知らず知らずのうちに、過去の枠組みによって思考のパターンの外側で考えることで、これまで考えに至らなかった目的へのベストな選択肢を発想したり、より柔軟なアイデアを想起することができます。

ゼロベース思考の2つのメリット
  1. イノベーティブな発想ができる
    物事の「新しい軸、切り口。、捉え方活用法」を見つけるようなイノベーションは、
    「これまで○○であったから△△である」といった昔の経験則の先にあるのではなく、
    既存の枠組みの外側にあるケースがほとんどです。
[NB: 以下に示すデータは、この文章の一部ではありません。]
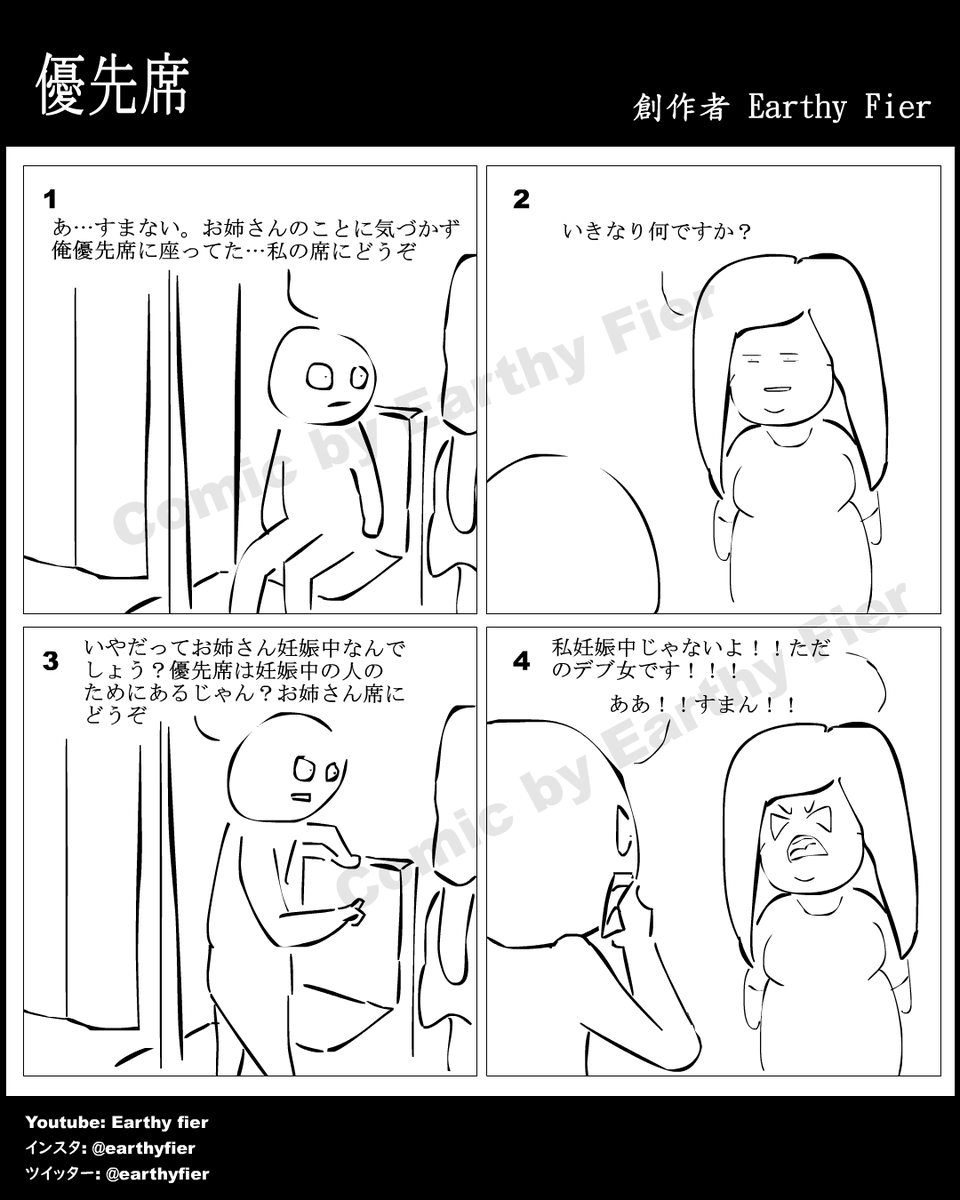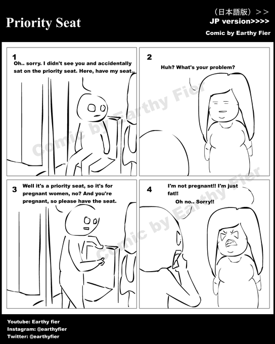 instagram.com/earthyfier/ ^See more 日本語付きの漫画 Multilingual comic EP 468 Priority Seat 優先席 #イラスト #絵描きさんと繋がりたい #みんなで楽しむTwitter展覧会 #漫画が読めるハッシュタグ #4コマ漫画 #comic #一次コミ #Twitter交流会会場 $picrt #落書向上委員会

利益を出す、新商品を企画するといったゼロからイチを生み出すような柔軟な発想ができます。
  2. 問題と解決策の本質的な理解スピードが増す
    製造業でよく言われるような「なぜなぜ分析」(事象の因果関係を掘り下げ、真因を導く分析手法)も非常に有効な手法ですが、過去を遡って原因を探るアプローチの場合、対策は過去の延長線となる場合が多く、思考が事実から積み上げるボトムアップ型となり改善はできても、新たな考えは生み出されにくいように思います。
    それに対してゼロベース思考では問題に対して「そもそも何のため?」を考えるため既存の枠組みから作った仮説ではため、目的達成のための仮説を立てやすく、問題解決を短い時間で本質へ近づけるケースがあります。
ゼロベース思考の使い方
  1. 目的をはっきりさせる
    例えば、上司に言われたこと、家族に言われたことを達成するのが目的ではなく、
    真の目的は何か?を自身が腹落ちするまで熟考する
  2. 既存の枠組みを無視して解決策を考える
    これまでの経緯やルールなどを理解はしておく必要はありますが、
    それらは一旦無視し、白紙の状態で目的を達成するためにはどうするべきかを考える。
    考え方のテクニックとして仮説思考、MECE、ロジックツリーなどが活用できます。
  3. 問題の解決策を検証
    一旦出してみた解決策を仮説とし、試せることは実証し、評価を繰り返す

「既存の枠組みの外側で考える」ということが重要です。

ゼロベースで思考するヒトの特徴

ゼロベースで思考することが習慣的になっているヒトの特徴は以下があります。

  • 「そもそも~」を常に考えている
  • 他の可能性がないかを常に考えている
  • ルーティンワークを嫌う
  • 一歩下がって俯瞰した目線で物事を見ている

既存の枠組みの内側のルールには従いつつも、常に既存の枠組みを疑い、検証をするクセがあります。時には既存の枠組みを否定するような考えにも至るので
既存の枠組みを大事にしているヒトとのコミュニケーションは配慮しておこなう必要があります。

最後に

「今まで○○だったから、△△をすべき」という発想は必ずしも最善ではないことがあります。現代では特に顕著になってきていると思います。
達成したい目的に対して、過去の枠組みをすべて取っ払って「何が最善か?」を考えるゼロベース思考をぜひ仕事やプライベートで活用してみてください。